Mobile web testing with device emulation:

"Start a Chrome session, emulate an iPhone 15, navigate to our checkout page, and take a screenshot at 390×844."

Native iOS app testing:

"Start my iOS app on the iPhone 15 simulator. Tap the login button, type 'test@example.com' into the email field, swipe up to scroll to the submit button, and take a screenshot."

Hybrid app context switching:

"Launch the app on Android. Check available contexts, switch to WEBVIEW_com.myapp, find the search input, and type 'test query'."

BrowserStack on real device:

"Start a BrowserStack session on a Samsung Galaxy S23 running Android 13, upload my app .apk, install it, and run through the signup flow."

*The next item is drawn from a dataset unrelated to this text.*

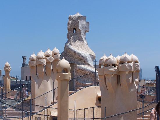 The roof is probably the most extraordinary of the building. It features a number of surrealistic colorful chimneys. Many of them look like warriors in a science fiction movie, others look more frivolous. The roof also features a bench similar to the one in Park Guell. From the top of Casa Milà, you have a nice view over the Eixample district.

When to Choose WebDriverIO MCP

WebDriverIO MCP is the right choice when:

  • You need mobile + browser from a single MCP server, not two separate ones
  • You're already in the WebDriverIO ecosystem and want session recordings to feed into your test suite
  • You need real-device testing via BrowserStack without switching toolchains
  • Your agent needs Appium-level device control (geolocation, rotation, keyboard, app lifecycle) — not just viewport emulation

For pure browser-only workflows, simpler alternatives exist. But for cross-platform test automation driven by an AI agent, WebDriverIO MCP is the most complete option available today.

Bottom Line

WebDriverIO MCP packs 34 tools across browsers and mobile platforms into a single, actively maintained package from a team that's been building test automation for over a decade. The session recording feature — combined with Facio's built-in audit trail — creates a clean path from agent-driven exploration to reproducible CI tests.

At npx -y @wdio/mcp@latest, it's zero-config evaluation. Just add the JSON and ask your agent to open a browser.


MCP Spotlight is a series covering servers that give AI agents real capabilities. Every server is evaluated for tool quality, cross-platform reach, and integration fit with Facio's HITL-first agent runtime.